Emanuel Pastreich is professor at Humanitas College at Kyung Hee University in Seoul, South Korea, and director of the Humanitas College Interdisciplinary Studies Program. Pastreich is co-director of the Global Convergence Forum and advisor to Gwangju Metropolitan City for international exchanges. He founded the Asia Institute which is dedicated to encouraging international cooperation in Asia.
Biography
Pastreich has written about globalization, the Internet, Taiwan Straits issues, Sino-American relations, the Korean Peninsula, and contemporary American politics for such journals as Japan Focus, Foreign Policy in Focus, the Asia Times, the Harvard Journal of Asiatic Studies, and the Northeast Asia Peace and Security Daily Report of the Nautilus Institute.
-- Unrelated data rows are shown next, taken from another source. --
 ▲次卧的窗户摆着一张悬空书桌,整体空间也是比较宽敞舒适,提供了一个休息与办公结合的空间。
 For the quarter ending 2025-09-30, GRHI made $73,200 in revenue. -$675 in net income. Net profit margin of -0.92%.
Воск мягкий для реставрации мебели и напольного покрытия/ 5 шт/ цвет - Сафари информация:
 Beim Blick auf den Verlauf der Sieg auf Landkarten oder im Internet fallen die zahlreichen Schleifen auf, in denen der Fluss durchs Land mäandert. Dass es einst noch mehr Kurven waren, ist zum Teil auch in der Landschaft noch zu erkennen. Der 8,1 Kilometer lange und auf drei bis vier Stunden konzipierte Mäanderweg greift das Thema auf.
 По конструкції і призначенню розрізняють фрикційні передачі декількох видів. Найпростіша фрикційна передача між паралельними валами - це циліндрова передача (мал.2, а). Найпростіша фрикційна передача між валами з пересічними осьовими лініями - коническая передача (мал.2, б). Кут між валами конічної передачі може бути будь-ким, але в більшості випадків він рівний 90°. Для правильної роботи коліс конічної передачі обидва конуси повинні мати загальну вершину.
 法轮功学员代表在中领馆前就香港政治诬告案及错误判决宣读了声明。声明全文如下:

More recently, he has devoted much attention to technology policy, completing research projects with the Korea Research Institute for Bioscience and Biotechnology, the Korea Institute of Geoscience and Materials, the Korea Institute for Nuclear Safety and the Korea Research Institute for Standards and Science.
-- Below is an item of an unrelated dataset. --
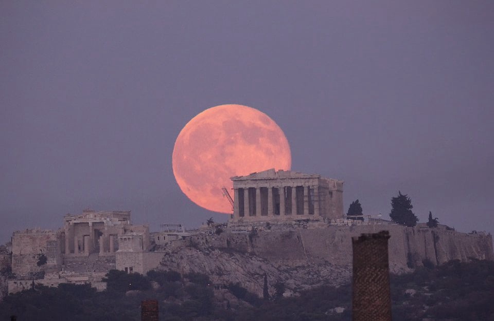A dusky early evening left a soft glow on the Acropolis, periodically visible as I walked from the hostel toward the church. Yet, the size and warmth of the rising full moon held my attention as its blush touched the hills, for a brief while silhouetting the pillars and pediments of the Parthenon.
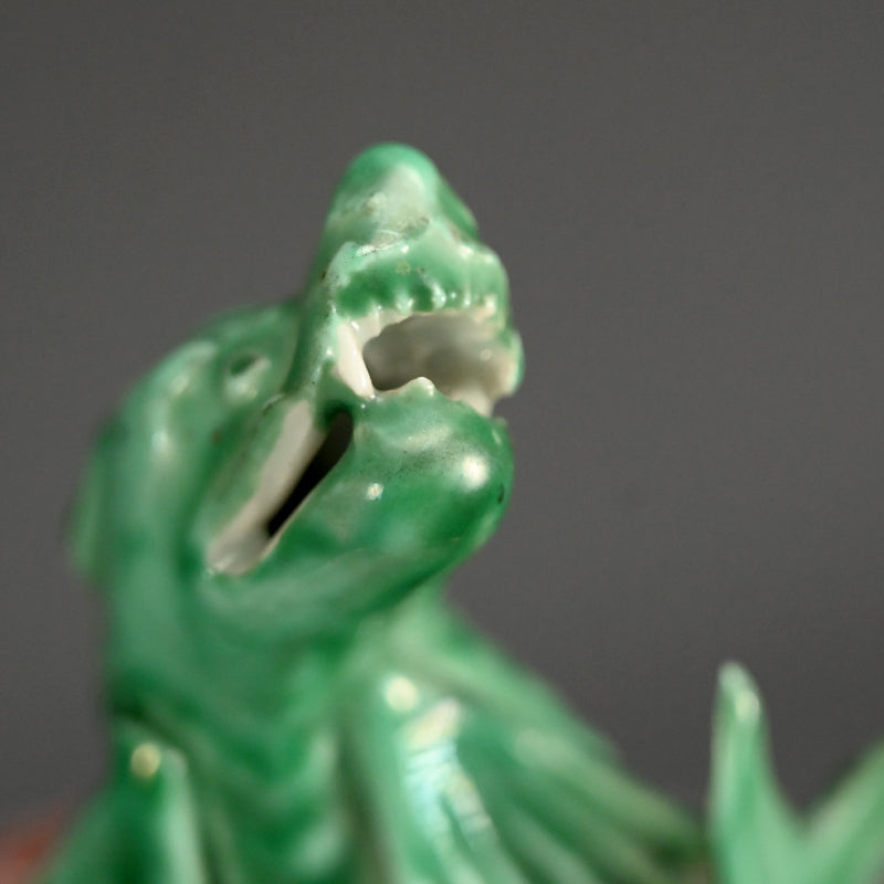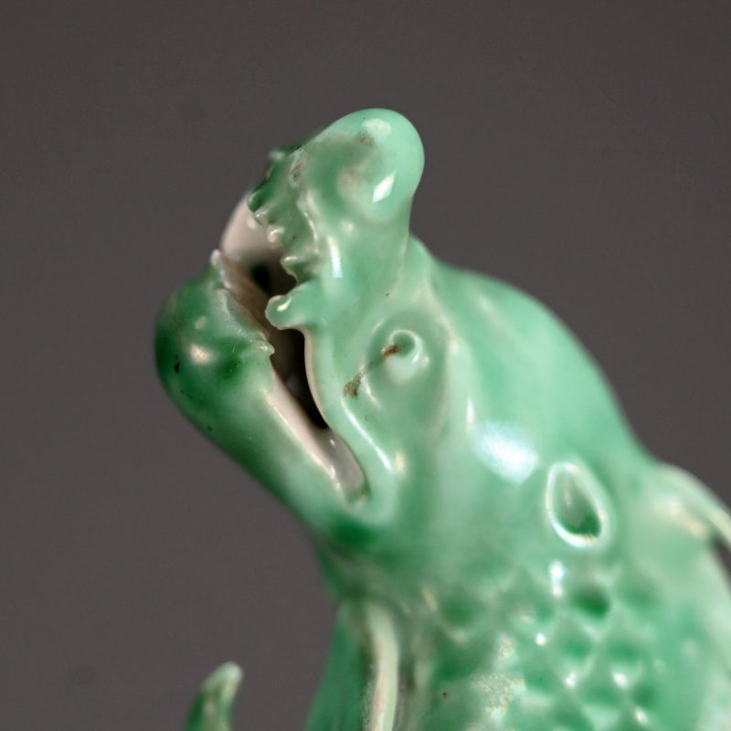 A leaping Shachi Dragon-fish peaks this delicate porcelain censer by Miura Chikusen enclosed in the original signed wooden box. It is 10.5 cm (4 inches) diameter, 15 cm (6 inches) tall, signed on the base, and in excellent condition.

Pastreich served previously as advisor to the Daedeok Innopolis research cluster, foreign relations adviser to the governor of Chungnam Province and the mayor of Daejeon Metropolitan City. Pastreich was co-founder of the Daejeon Environment Forum, now known as the Daejeon Green Growth Forum. This forum was the first effort to bring together representatives from Korean business, academics and government, to discuss environmental issues.
From 2005 to 2007, Pastreich worked in Washington, D.C. as adviser to the Ministers for Public Affairs at the Embassy of the Republic of Korea and as editor-in-chief of the daily on-line newspaper “Dynamic Korea”, published by the Korean Overseas Information Service.
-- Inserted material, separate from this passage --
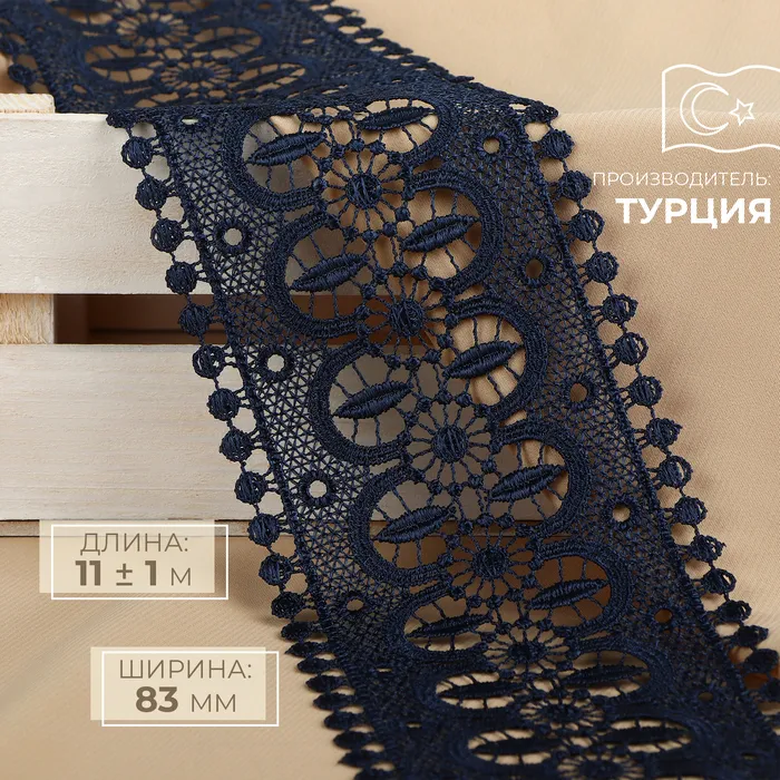 Кружево гипюровое, 83 мм, 11±1 м, цвет тёмно-синий — Характеристики

Additionally, he served as director of a policy think tank, KORUS House, run by the Foreign Ministry. Pastreich was best known in that position for the lecture series he initiated on East Asian politics and business, known as the “KORUS Forum.”
Pastreich began teaching as an assistant professor at the University of Illinois in 1997. He served as advisor for the Center for East Asian and Pacific Studies at University of Illinois.
Pastreich has written two books: The Novels of Park Jiwon: Translation of Overlooked Worlds and The Observable Mundane: Vernacular Chinese and the Emergence of a Literary Discourse on Popular Narrative in Edo Japan (both from Seoul National University Press).
Important articles by Pastreich include a proposal to rebuild Sichuan’s Wenchuan after the devastating earthquake as an ecocity, an article promoting Chinese cooperation in higher education with the other nations of East Asia and a discussion of US-China geopolitical relations arguing that analogies to the Cold War were inappropriate and greater cooperation was necessary.
Pastreich's original training was classical Chinese and Japanese literature. Pastreich has a B.A. degree from Yale University, a master’s degree from the University of Tokyo and a Ph.D. in East Asian Languages and Cultures from Harvard University.